Energy names still beleaguered

Despite the active dealings in the new Spectrum Brands and KLX notes, a trader said that “the real focus” of Monday’s market was the energy names, which remained volatile in the wake of recently falling world crude oil prices and the failure of OPEC oil ministers to come to any agreement at their meeting last week on curbing output in order to stabilize those prices.

“The [exploration and production] names were down generically about 5 points on Friday,” as oil prices slid following the end of the OPEC meeting.

“Then there was follow-on trading today, with some lows down as much as 5 to 7 points.”

He said that after initially moving lower, the oil bonds “did catch a bid” as oil prices rose by as much as $3 per barrel in Monday’s commodity trading, bouncing back from last week’s badly oversold levels.

“They were filling in bids, especially in the better-quality, BB type names.”

Benchmark West Texas Intermediate crude oil, after initially plumbing a five-year bottom at $63.72, bounced off those lows and ultimately finished up $2.85 – a 4% rise – to $69 a barrel. It was the largest one-day gain in U.S. crude since August of 2012.

But while the oil credits got something of a boost from the upturn in crude prices, the trader cautioned that the bonds “weren’t closing at their lows, but they were still near them.”

Among the most actively traded E&P names, he said, was Los Angeles-based E&P operator California Resources Corp.

The company’s 6% notes due 2024 were perhaps the busiest junk credit of the day, with over $40 million having changed hands. They ended at 85½ bid, down 4½ points, while its 5½% notes due 2021 lost 1 point to close at 89 bid, on over $14 million of volume.

Linn Energy’s 6½% notes due 2019 slid as low as 82½, before coming off that low to end at 83 bid – still well down from levels around 90 where the Houston-based energy company’s paper had traded at the end of last week. Over $24 million changed hands in odd-lot dealings alone, with a heavy volume of smaller round-lot trades as well.

Houston-based Halcon Resources’ 8 7/8% notes due 2021slid more than 8 points on the day to end at 68½ bid, on over $18 million of volume.

Indicators stay lower

Statistical indicators of junk market performance were lower across the board for a second consecutive session on Monday, after having been higher all around over the two sessions before that.

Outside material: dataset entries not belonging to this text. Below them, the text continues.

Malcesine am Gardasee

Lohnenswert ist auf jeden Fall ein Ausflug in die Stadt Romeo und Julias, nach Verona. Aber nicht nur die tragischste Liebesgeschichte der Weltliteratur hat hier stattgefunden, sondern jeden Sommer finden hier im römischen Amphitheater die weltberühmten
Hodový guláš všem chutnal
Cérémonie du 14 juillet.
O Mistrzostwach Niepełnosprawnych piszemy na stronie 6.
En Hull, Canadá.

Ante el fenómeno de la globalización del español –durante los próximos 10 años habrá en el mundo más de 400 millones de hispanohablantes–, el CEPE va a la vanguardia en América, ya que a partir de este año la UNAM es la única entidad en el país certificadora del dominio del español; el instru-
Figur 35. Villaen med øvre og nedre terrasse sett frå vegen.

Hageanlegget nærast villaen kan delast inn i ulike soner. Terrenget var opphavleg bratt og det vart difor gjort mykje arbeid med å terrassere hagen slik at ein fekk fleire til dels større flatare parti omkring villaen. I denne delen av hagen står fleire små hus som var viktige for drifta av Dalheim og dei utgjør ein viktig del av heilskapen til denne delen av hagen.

The KDP High Yield Daily index plunged by 37 basis points to end at 71.33, on top of its 18 bps fall on Friday.

The yield ballooned out by 13 bps to 5.62%, after having risen by 8 bps on Friday.

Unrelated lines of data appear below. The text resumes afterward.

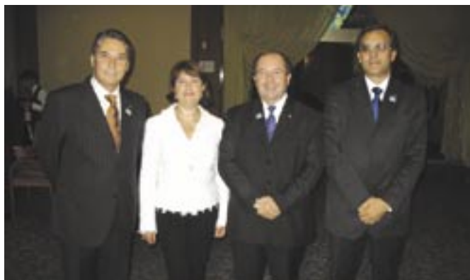
Agrigento, Aragona Colli Sicani, Canicatti
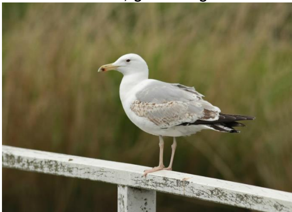
Pontische Meeuw

Naarmate het korter geleden is, zijn er meer en meer gedetailleerde herinneringen. Bijzonder waren de meeuwen op de vuilstort vlakbij Medemblik. Ik heb er wat uren doorgebracht, aanvankelijk om uit te kijken naar kleurringen die Arie Spaans in alle kolonies in Nederland had aangelegd bij pullen. Toen we eenmaal ontdekten, dat je met een telescoop ook de codes op metalen ringen kon ontcijferen, hebben we kunnen vaststellen, dat uit zo ongeveer alle landen van Europa de meeuwen ook bij ons langs kwamen. Wat te denken van een Zilvermeeuw van de Shetland eilanden, die in juni werd gezien en exact een jaar later opnieuw. Of de Geelpootmeeuw uit de Povlakte in Italië. Of een wellicht Pontische meeuw uit oostelijk Duitsland. Die werd de aanleiding om de ringer, Ronald Klein, eens op te zoeken om in zijn werkgebied de vuilstortplaatsen af te kijken. In totaal zijn er op deze wijze meer dan 6000 ringaflezingen gedaan. Opvallende soorten: zeearend, grote burgemeester en zwartkopmeeuw. Mijn notitieboekjes van toen
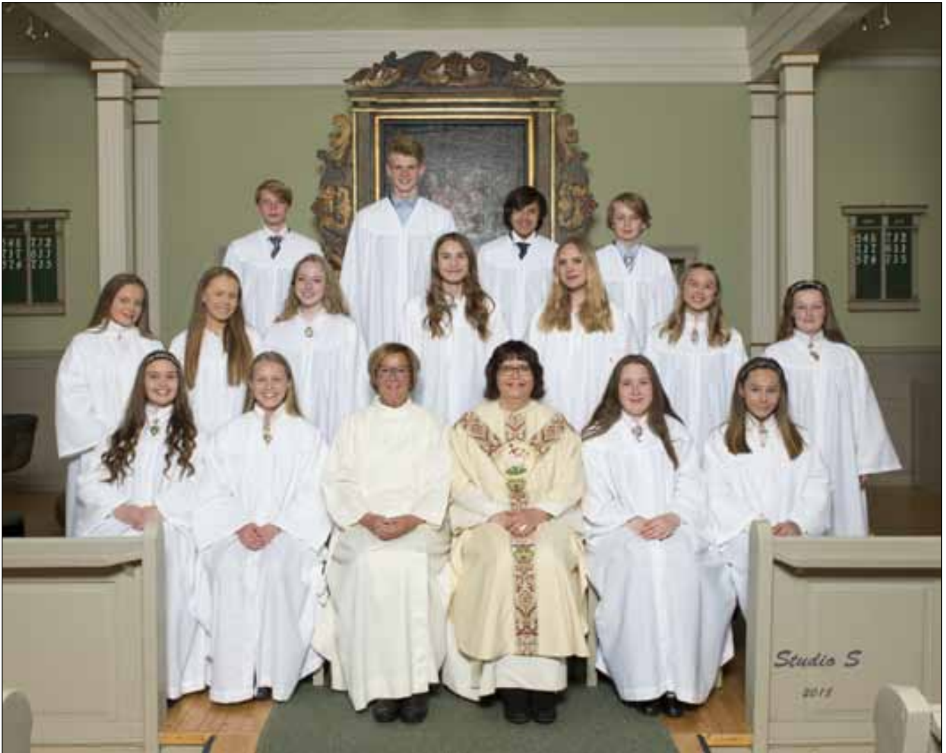
Konfirmantene i Varteig kirke lørdag 9. og søndag 10. juni.

The Markit CDX North American High Yield Series 23 index suffered its second straight loss on Monday, declining by 9/32 point to 107 bid, 107 1/32 offered. On Friday, the index had fallen by a similar 9/32 of a point.

The Merrill Lynch U.S. High Yield Master II index also spent a second successive session on the downside, moving down by 0.069%, in addition to the 0.228% that it lost on Friday.

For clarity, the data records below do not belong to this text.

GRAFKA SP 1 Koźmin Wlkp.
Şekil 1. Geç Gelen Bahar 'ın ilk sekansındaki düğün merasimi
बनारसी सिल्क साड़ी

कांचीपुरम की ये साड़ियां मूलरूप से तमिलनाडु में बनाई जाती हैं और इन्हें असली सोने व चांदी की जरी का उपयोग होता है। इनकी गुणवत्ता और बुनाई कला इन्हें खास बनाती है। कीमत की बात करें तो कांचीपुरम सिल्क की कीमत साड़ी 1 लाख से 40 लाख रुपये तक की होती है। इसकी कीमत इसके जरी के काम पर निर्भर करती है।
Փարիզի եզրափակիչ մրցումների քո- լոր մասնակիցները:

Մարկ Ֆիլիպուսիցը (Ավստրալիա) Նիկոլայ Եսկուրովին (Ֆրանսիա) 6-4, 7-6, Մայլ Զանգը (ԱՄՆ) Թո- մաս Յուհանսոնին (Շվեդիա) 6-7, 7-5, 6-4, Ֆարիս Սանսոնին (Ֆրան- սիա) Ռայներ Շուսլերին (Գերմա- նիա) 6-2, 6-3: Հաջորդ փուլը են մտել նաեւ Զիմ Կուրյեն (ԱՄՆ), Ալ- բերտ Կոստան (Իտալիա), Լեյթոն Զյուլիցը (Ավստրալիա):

That dropped its year-to-date return to 3.32% – its lowest level since Oct. 16, when it fell to 2.638%. That was down from 3.998% on Friday and well down from its peak level for the year of 5.847%, recorded on Sept. 1.

According to the Finra-Bloomberg Active US High Yield Bond index, junk market volume rose to $$3.379 billion on Monday from just $292 million during Friday’s abbreviated and only lightly-attended session.

Funds gain $45 million

Flows of fresh cash into and out of high-yield mutual funds and exchange-traded funds – considered a reliable barometer of overall junk market liquidity trends – showed a small inflow during the latest reporting week, partially rebounding from a larger outflow seen the week before.

Market sources familiar with the fund-flow statistics generated by AMG Data Services Inc. said that some $44. 487 million more came into those weekly reporting-only funds than left them during the week ended Nov. 26. The figures normally circulate on the junk market late in the day on Thursday, but were delayed this week due to Thursday’s market close due to the Thanksgiving holiday.

That followed the $280.7 million outflow reported by Arcata, Calif.-based AMG, a unit of the Lipper analytics division of Thomson Reuters Corp., for the seven-day period ended Nov. 19, which had snapped a winning streak of four consecutive weekly inflows.